# LISTED RECORDS
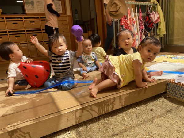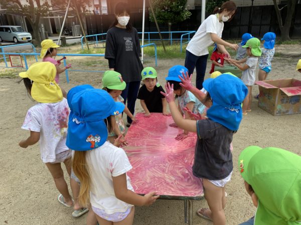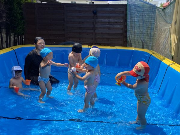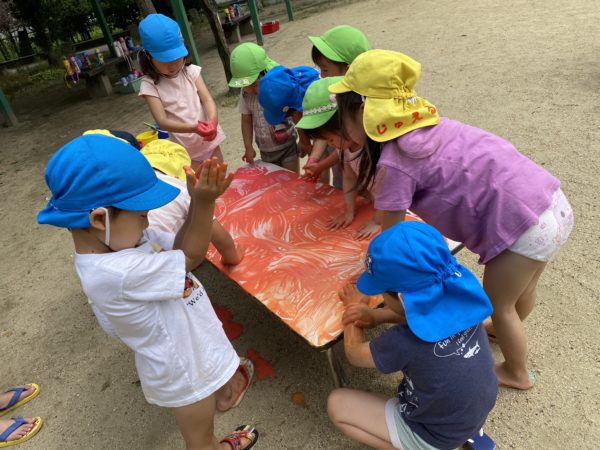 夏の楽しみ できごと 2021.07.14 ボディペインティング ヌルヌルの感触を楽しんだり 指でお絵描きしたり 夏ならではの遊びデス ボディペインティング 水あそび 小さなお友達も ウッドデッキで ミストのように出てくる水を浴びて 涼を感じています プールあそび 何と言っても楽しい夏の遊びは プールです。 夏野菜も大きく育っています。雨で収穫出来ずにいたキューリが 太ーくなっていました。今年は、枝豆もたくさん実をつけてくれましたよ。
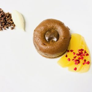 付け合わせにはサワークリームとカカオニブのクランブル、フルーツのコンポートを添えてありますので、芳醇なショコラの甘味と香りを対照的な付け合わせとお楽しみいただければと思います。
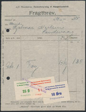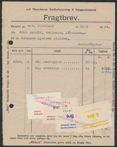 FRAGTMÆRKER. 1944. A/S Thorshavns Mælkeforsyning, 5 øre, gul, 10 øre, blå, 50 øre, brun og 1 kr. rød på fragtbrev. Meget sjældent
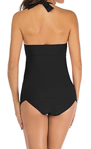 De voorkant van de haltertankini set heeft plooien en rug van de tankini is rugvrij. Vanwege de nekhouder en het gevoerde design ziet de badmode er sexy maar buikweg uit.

--

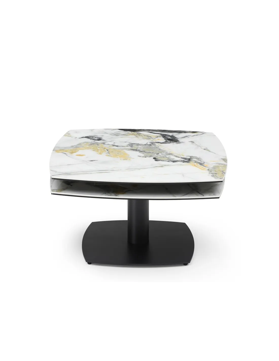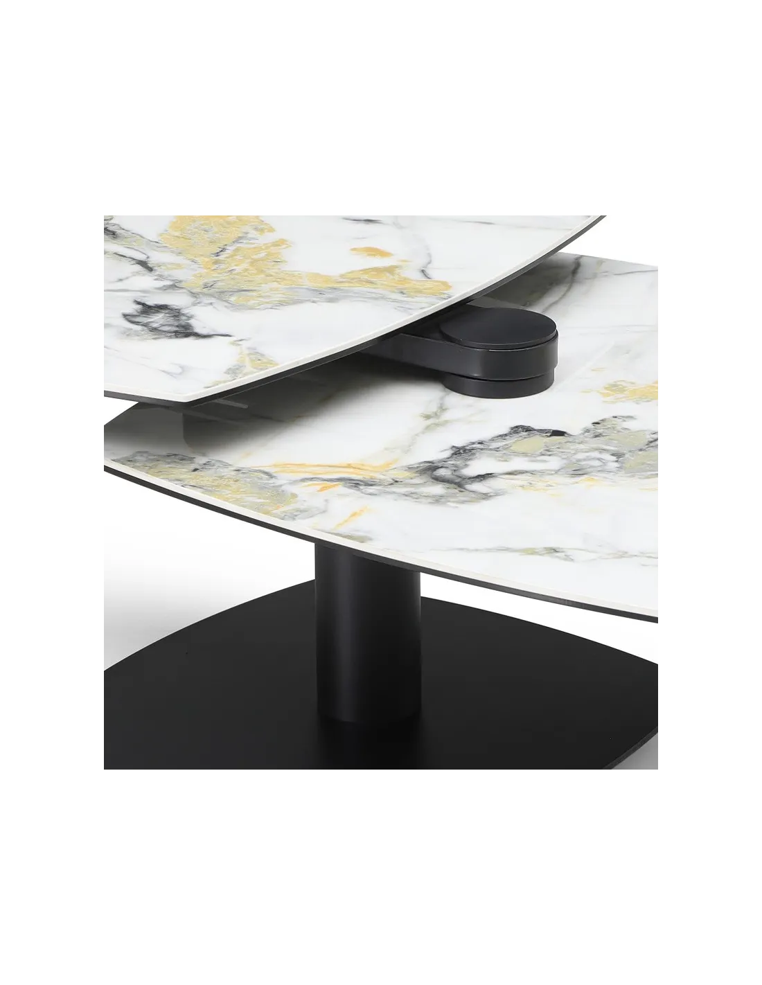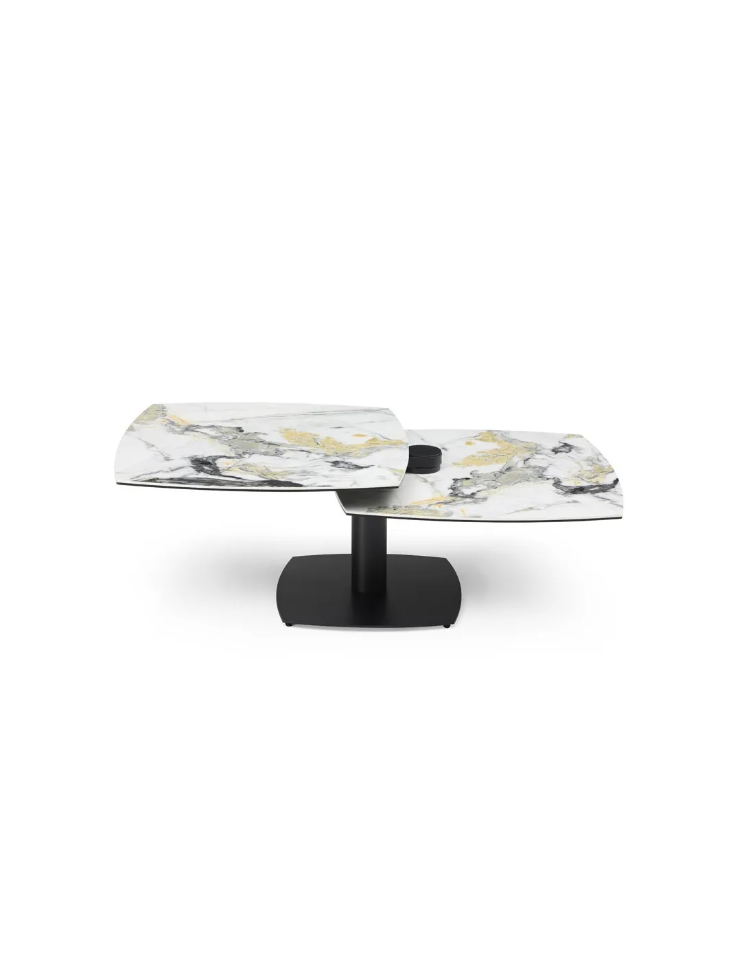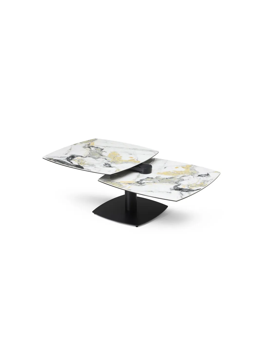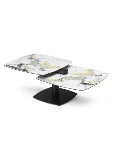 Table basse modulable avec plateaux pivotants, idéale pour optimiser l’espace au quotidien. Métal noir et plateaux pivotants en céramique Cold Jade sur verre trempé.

# TASK TO COMPLETE
Copy everything above from the line holding "夏の楽しみ できごと 2021.07.14" down to the line holding "De voorkant van", both ends included, exactly as it stands and without the pictures.

# TASK RESULT
 夏の楽しみ できごと 2021.07.14 ボディペインティング ヌルヌルの感触を楽しんだり 指でお絵描きしたり 夏ならではの遊びデス ボディペインティング 水あそび 小さなお友達も ウッドデッキで ミストのように出てくる水を浴びて 涼を感じています プールあそび 何と言っても楽しい夏の遊びは プールです。 夏野菜も大きく育っています。雨で収穫出来ずにいたキューリが 太ーくなっていました。今年は、枝豆もたくさん実をつけてくれましたよ。
 付け合わせにはサワークリームとカカオニブのクランブル、フルーツのコンポートを添えてありますので、芳醇なショコラの甘味と香りを対照的な付け合わせとお楽しみいただければと思います。
 FRAGTMÆRKER. 1944. A/S Thorshavns Mælkeforsyning, 5 øre, gul, 10 øre, blå, 50 øre, brun og 1 kr. rød på fragtbrev. Meget sjældent
 De voorkant van de haltertankini set heeft plooien en rug van de tankini is rugvrij. Vanwege de nekhouder en het gevoerde design ziet de badmode er sexy maar buikweg uit.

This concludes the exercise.